The purpose of this paper is to extend these results to the
higher dimension analogues of the pebbling game and to a
more general poset version.
\section{Pebbling in ${\bf Z}^n$}
The $n$-dimensional version of the game, suggested by Paul Vaderlind \cite{V},
uses the integer grid points of
the first orthant. One starts with a single pebble on the origin and
a legal move replaces a pebble by $n$ pebbles, each one step away in
the $n$ coordinate directions.
The {\em weight} of a pebble with coordinates $(x_1,\ldots,x_n)$ is
$n^{-x_1-\cdots -x_n}$ and it is obvious that the total weight of
all pebbles is unchanged by a move in the pebbling game. If there
were a pebble on each point in the first orthant, the total weight
would be
$$ \sum_{x_i\ge 0} n^{-x_1-x_2-\cdots} =
\left(\sum_{i=0}^\infty n^{-i}\right)^n =
(1-\frac{1}{n})^{-n} \rightarrow e
\mbox{\quad when\ } n\rightarrow\infty$$
Weight calculations can be used to prove that a certain point set is
unavoidable, for example the seven-point set in ${\Bbb Z}^6$ consisting of
the origin and its six neighbours in the positive orthant. The total weight
that can be carried on all other orthant grid points is
$$ (1-\frac{1}{6})^{-6}-1 -\frac{1}{6} -\frac{1}{6}-\frac{1}{6} -\frac{1}{6} -
\frac{1}{6} -\frac{1}{6} = 0.98598\ldots \ ,$$
but the total pebble weight is one.
Dimension six is the lowest dimension in which this kind of proof will work,
but in fact the following is true.
\begin{proposition}\label{trident}
The four-point set in ${\Bbb Z}^n$, $n\ge 3$ consisting of the origin and
three neighbour points is unavoidable.
\end{proposition}
\begin{proof}
Consider the unit cube defined by the four-point set. When the four points
have been emptied, three other points on the cube will have received two
pebbles each, one of which must be sent along to the $(1,1,1)$-point.

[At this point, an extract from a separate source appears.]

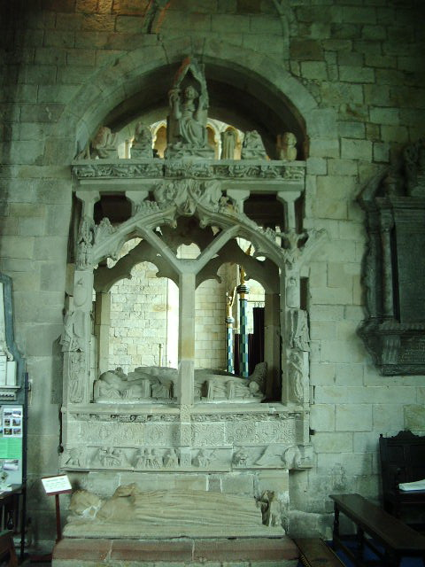 Tomb,The Priory Church of St Mary and St Michael, Cartmel The Harington Tomb. This tomb commemorates John, the first Lord Harington who died in 1347, and his wife Joan

But in a legal game, no point will receive more than two pebbles, as shown in
the proof of Proposition \ref{nk} below.\qed
\end{proof}
Proofs of this kind are greatly facilitated if several pebbles are allowed to
occupy the same point, at least temporarily.
The following result appears as Lemma 3
in \cite{FGMO} in the two-dimensional case and will be proved in
much greater generality in our next section, so let us just state it as
a fact.
\begin{fact}
If a configuration of pebbles with at most one pebble per point is
reachable by moves which allow stacking of pebbles, then it is also
reachable by moves which do not allow stacking.
\end{fact}
The {\em level} of an orthant point is the sum of its coordinates.

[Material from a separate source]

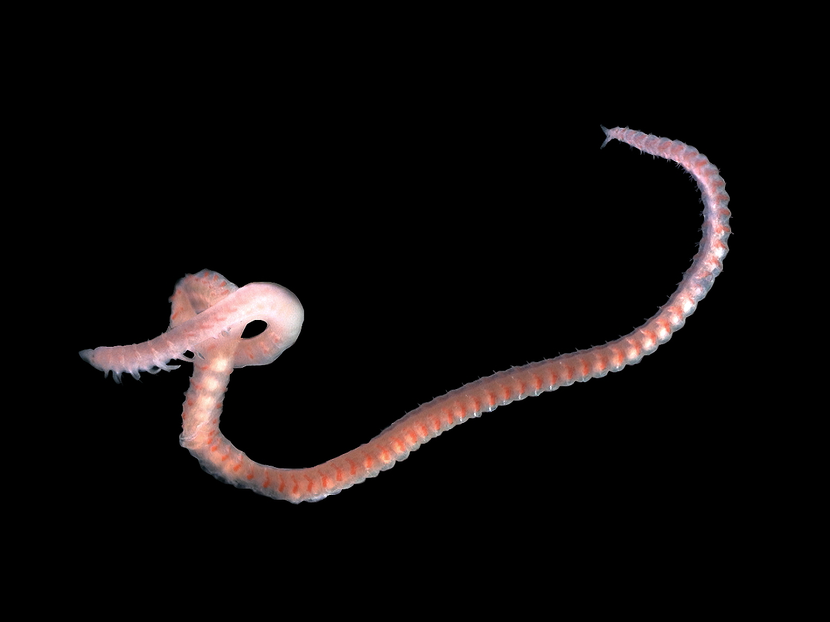 Spionid polychaete from the Belgian part of the North Sea. Lab image. Length = ~17 mm

Thus, level zero contains the origin only, level one has $n$ points,
level two $n(n+1)/2$ points etc. The following {\em level trimming}
procedure for
determining whether or not a set of points, $X$, is unavoidable
is given in \cite{FGMO}. Starting at level zero and proceeding one
level at a time, perform the moves required to remove all pebbles from
a point in $X$ or all but one pebble from a point not in $X$. Stacking
of pebbles is allowed.
The following fact is not completely obvious, but again, a much more
general statement will be proved in the next section.
\begin{fact}
The configuration after trimming levels 0 through $k$ is independent
of the order in which the moves are performed. The set $X$ is
unavoidable if and only if the trimming procedure can go on for
ever without running out of pebbles.
\end{fact}
Level trimming supplies a polynomial time algorithm to determine whether or
not a given set $X$ is unavoidable, as stated in the next proposition. Let us
warn the reader that a much better result will appear in Theorem \ref{better}.
\begin{proposition}\label{nk}
Let level $k$ be the last one containing a point from $X\subset{\Bbb Z}^n$
and consider the configurations after trimming levels
$1,2,\ldots, nk$.
The set $X$ is unavoidable if and only if none of these contains
a point with three or more pebbles on it at any stage.
\end{proposition}
\begin{proof}
In the one-dimensional case, there are no unavoidable sets and no
three pebble points. The two-dimensional case is a consequence of Theorem 1
in \cite{FGMO}, so we can assume $n\ge 3$.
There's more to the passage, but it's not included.